• [The problem]: Send each entry back exactly as given, pictures excluded.

• [Data provided]:
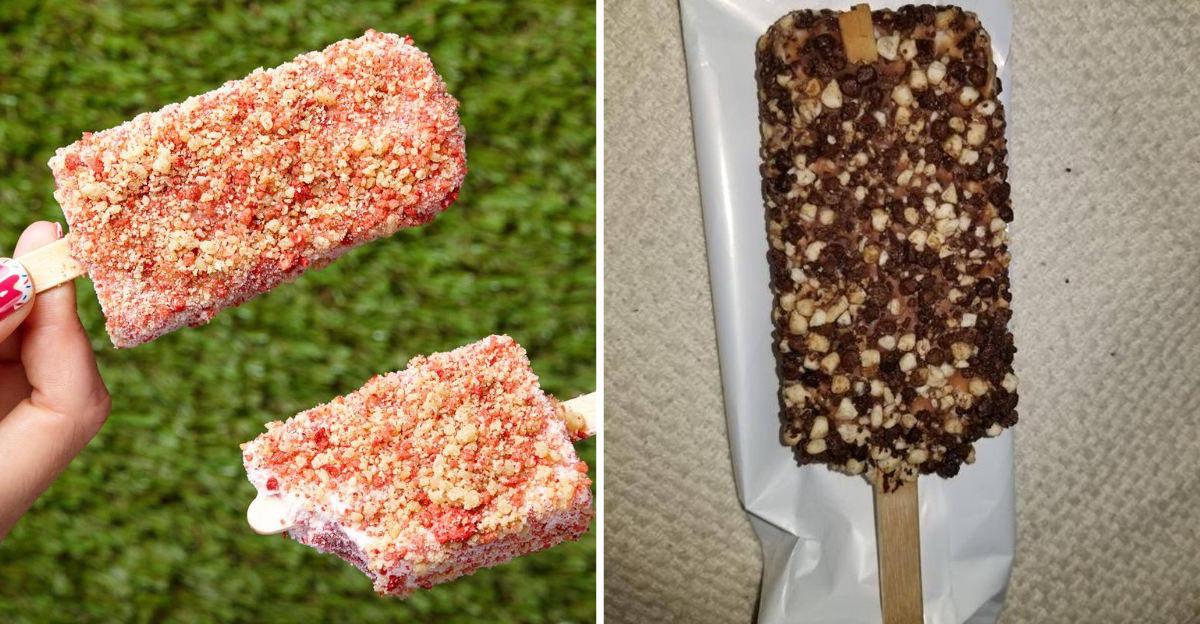 Born in San Francisco, this oatmeal cookie ice cream sandwich dipped in chocolate stayed regional royalty. It never disappeared, but national shipping created the illusion of a comeback.
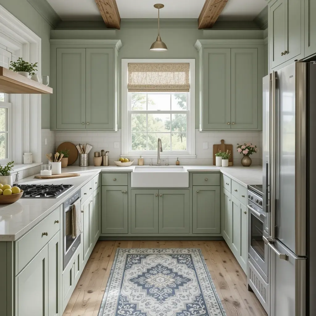 Sage green gives your kitchen a calm, organic feel, perfect for creating a relaxing environment. It pairs nicely with white or light wood cabinetry, adding a touch of nature indoors. Use it on cabinets or as an accent wall to infuse subtle color without overwhelming the space. This hue is especially popular in farmhouse or rustic-inspired kitchens. Expect a soothing atmosphere that invites you to unwind after a busy day.
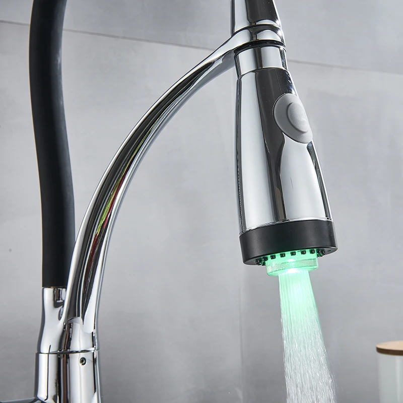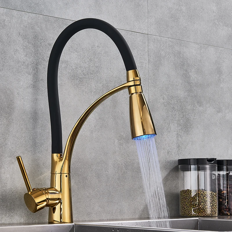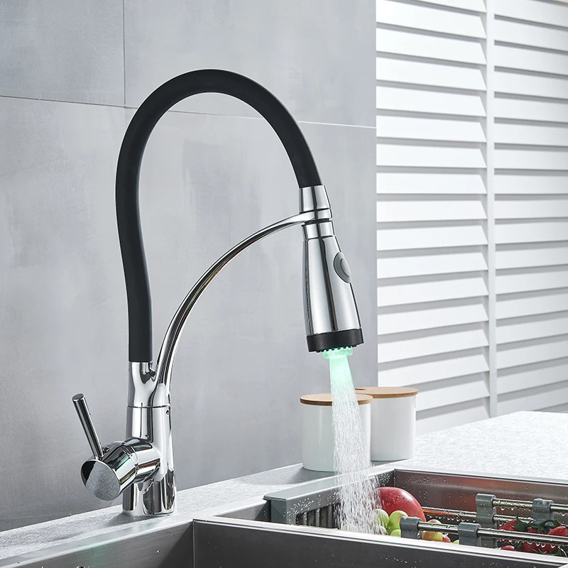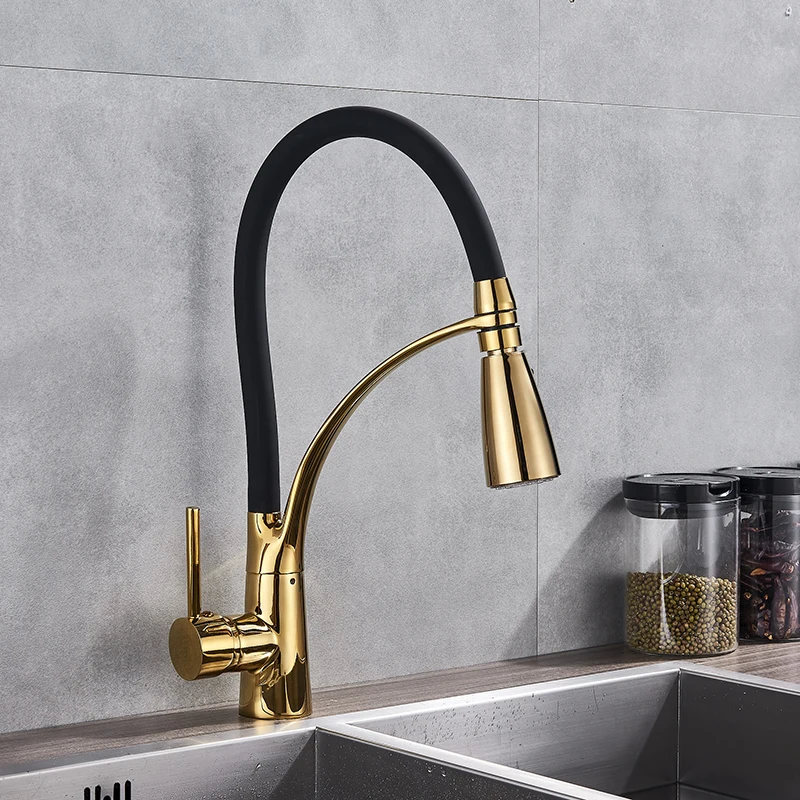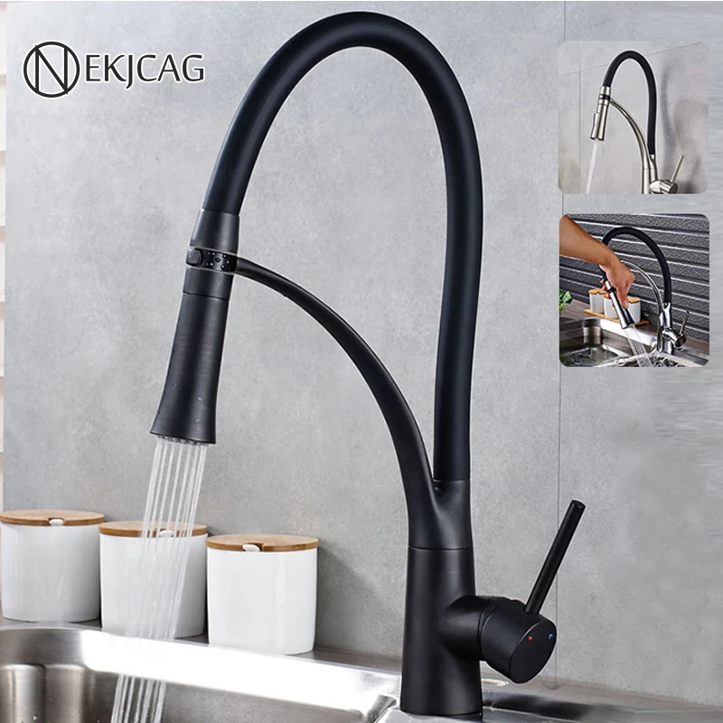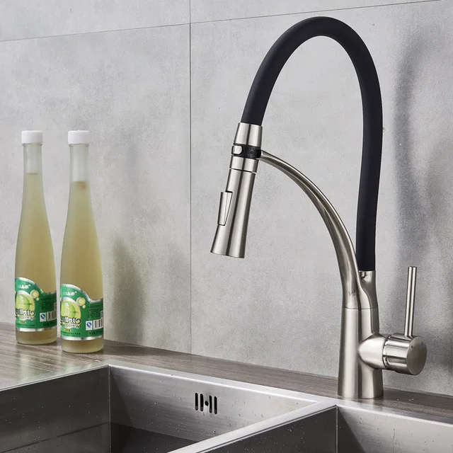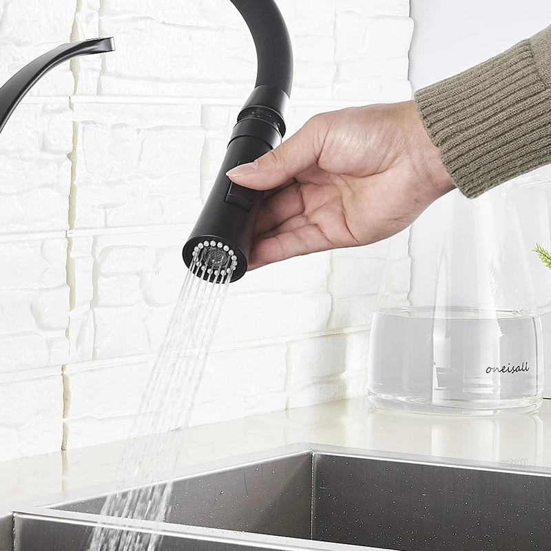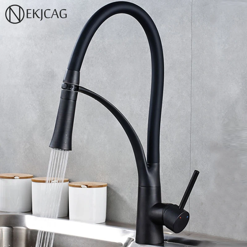 Черный Кухня раковина кран с одной ручкой Кухня стиральная кран смеситель горячей и холодной воды краны вытащить опрыскиватель смесители бортике
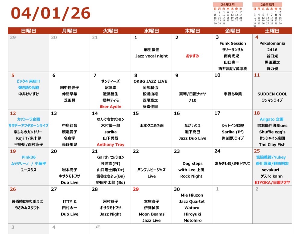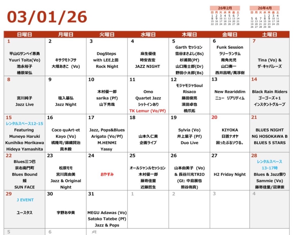ほぼ毎日、ミュージックライブ開催!(大体、20:00〜22:00ぐらい)
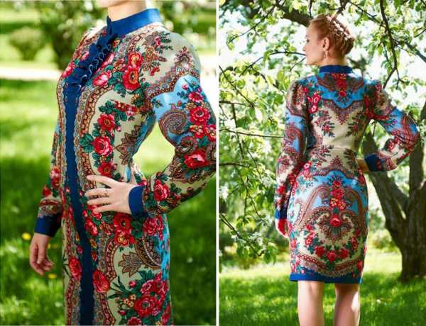 - Лоскутная одежда (пэчворк) – типичный образец russian style. Экономные русские хозяйки никогда не выбрасывали кусочки тканей, оставшиеся после кроя. Из них создавали наволочки для подушек, разноцветные одеяла, коврики. Сегодня на основе павлопосадских платков можно создавать уникальные модели вещей. Техническая сложность исполнения оправдывается потрясающим результатом.
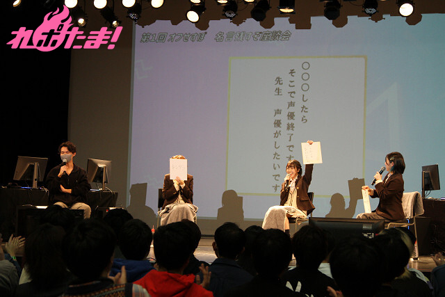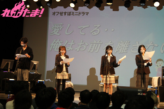 続いて「オフせすぽミニドラマ」。TinkerBellさんが「新人声優」役、立石さんが「人気男性声優」役、水野さんが「大御所男性声優」役、そして村上さんが「音響監督」役として、リアルな(?)アフレコ現場を舞台にした物語の朗読を行なった。
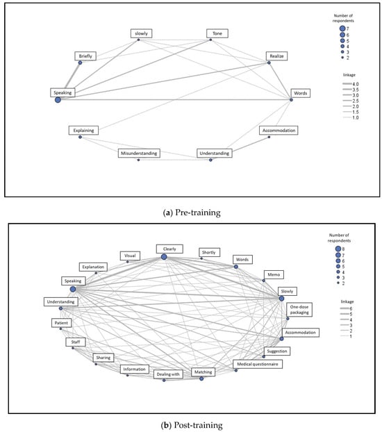 After training, co-occurrence was observed not only between existing categories such as “slowly”—“clearly”—“speaking” and “matching”—“speaking”; but also between new categories introduced after training, such as “accommodation”—“suggestion.” Overall, there was an increase in the number of co-occurrences.
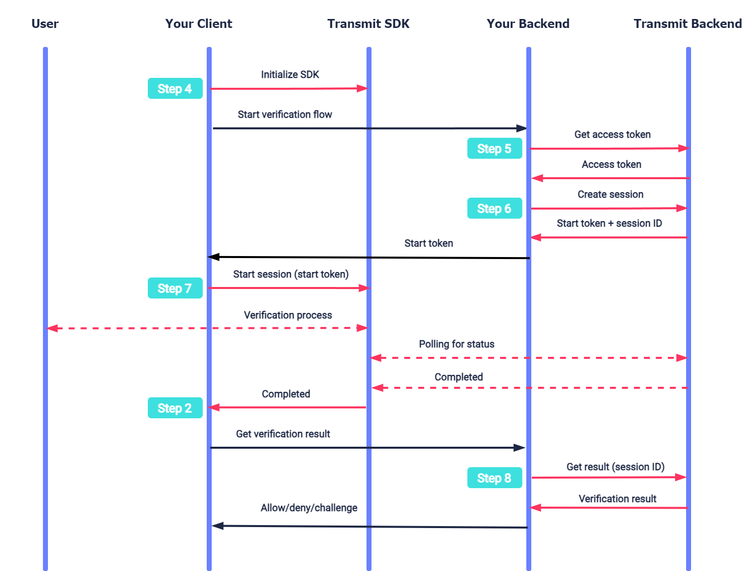 After initializing the SDK (Step 4), your backend continues by getting an access token (Step 5) and creating a session (Step 6). After this, your client starts a session (Step 7). The SDK executes the verification process with the user using the Mosaic identity verification experience. Once all the required images are submitted, Mosaic starts processing the verification while the SDK polls for its status. Once processing is completed, the SDK notifies the app (Step 2) so it can obtain the verification result (Step 8).
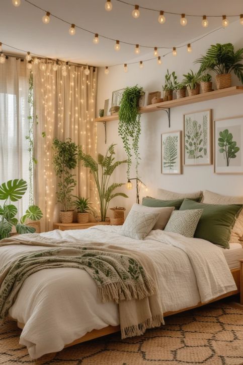 Create a warm and inviting bedroom by blending soft bedding, lush greenery, and string lights. Natural textures like wood and wicker add charm, while framed botanical art brings a calming, modern boho feel to your space.
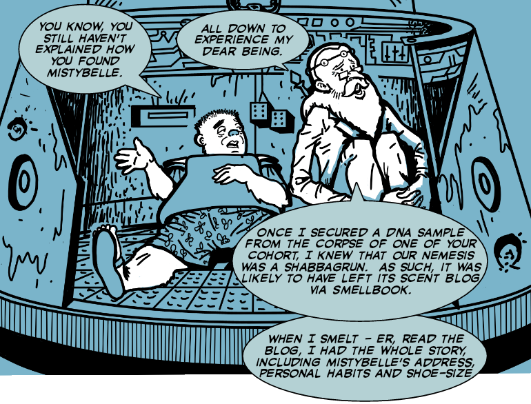 The University of Life is an ongoing comedy sci-fi comic strip set on a planet-sized university of the far future. ULIFE (or Monica, if you wish to give it a more personal name) hosts a wide range of diverse and interesting life-forms and as such, constantly has to face the challenge of ensuring that the needs of every different and contrasting life-form are met. It is a place where, just as one being’s sandwich is another being’s poison, so one being’s soppy hug is another being’s murder. Despite the potential for chaos this extreme diversity could cause, ULIFE / Monica is a relatively peaceful planet, possessing neither a regular police force or army. In fact, apart from the 522,601 statutes governing the use of computers, there are practically no rules to govern the inhabitants' lives. Of course, underneath the peaceful veneer, all sorts of crimes and skulduggery persist. and the apparent interest in diversity is really just a cynical mix of penny-pinching and public relations.

• [Answer for the task]:
 Born in San Francisco, this oatmeal cookie ice cream sandwich dipped in chocolate stayed regional royalty. It never disappeared, but national shipping created the illusion of a comeback.
 Sage green gives your kitchen a calm, organic feel, perfect for creating a relaxing environment. It pairs nicely with white or light wood cabinetry, adding a touch of nature indoors. Use it on cabinets or as an accent wall to infuse subtle color without overwhelming the space. This hue is especially popular in farmhouse or rustic-inspired kitchens. Expect a soothing atmosphere that invites you to unwind after a busy day.
 Черный Кухня раковина кран с одной ручкой Кухня стиральная кран смеситель горячей и холодной воды краны вытащить опрыскиватель смесители бортике
ほぼ毎日、ミュージックライブ開催!(大体、20:00〜22:00ぐらい)
 - Лоскутная одежда (пэчворк) – типичный образец russian style. Экономные русские хозяйки никогда не выбрасывали кусочки тканей, оставшиеся после кроя. Из них создавали наволочки для подушек, разноцветные одеяла, коврики. Сегодня на основе павлопосадских платков можно создавать уникальные модели вещей. Техническая сложность исполнения оправдывается потрясающим результатом.
 続いて「オフせすぽミニドラマ」。TinkerBellさんが「新人声優」役、立石さんが「人気男性声優」役、水野さんが「大御所男性声優」役、そして村上さんが「音響監督」役として、リアルな(?)アフレコ現場を舞台にした物語の朗読を行なった。
 After training, co-occurrence was observed not only between existing categories such as “slowly”—“clearly”—“speaking” and “matching”—“speaking”; but also between new categories introduced after training, such as “accommodation”—“suggestion.” Overall, there was an increase in the number of co-occurrences.
 After initializing the SDK (Step 4), your backend continues by getting an access token (Step 5) and creating a session (Step 6). After this, your client starts a session (Step 7). The SDK executes the verification process with the user using the Mosaic identity verification experience. Once all the required images are submitted, Mosaic starts processing the verification while the SDK polls for its status. Once processing is completed, the SDK notifies the app (Step 2) so it can obtain the verification result (Step 8).
 Create a warm and inviting bedroom by blending soft bedding, lush greenery, and string lights. Natural textures like wood and wicker add charm, while framed botanical art brings a calming, modern boho feel to your space.
 The University of Life is an ongoing comedy sci-fi comic strip set on a planet-sized university of the far future. ULIFE (or Monica, if you wish to give it a more personal name) hosts a wide range of diverse and interesting life-forms and as such, constantly has to face the challenge of ensuring that the needs of every different and contrasting life-form are met. It is a place where, just as one being’s sandwich is another being’s poison, so one being’s soppy hug is another being’s murder. Despite the potential for chaos this extreme diversity could cause, ULIFE / Monica is a relatively peaceful planet, possessing neither a regular police force or army. In fact, apart from the 522,601 statutes governing the use of computers, there are practically no rules to govern the inhabitants' lives. Of course, underneath the peaceful veneer, all sorts of crimes and skulduggery persist. and the apparent interest in diversity is really just a cynical mix of penny-pinching and public relations.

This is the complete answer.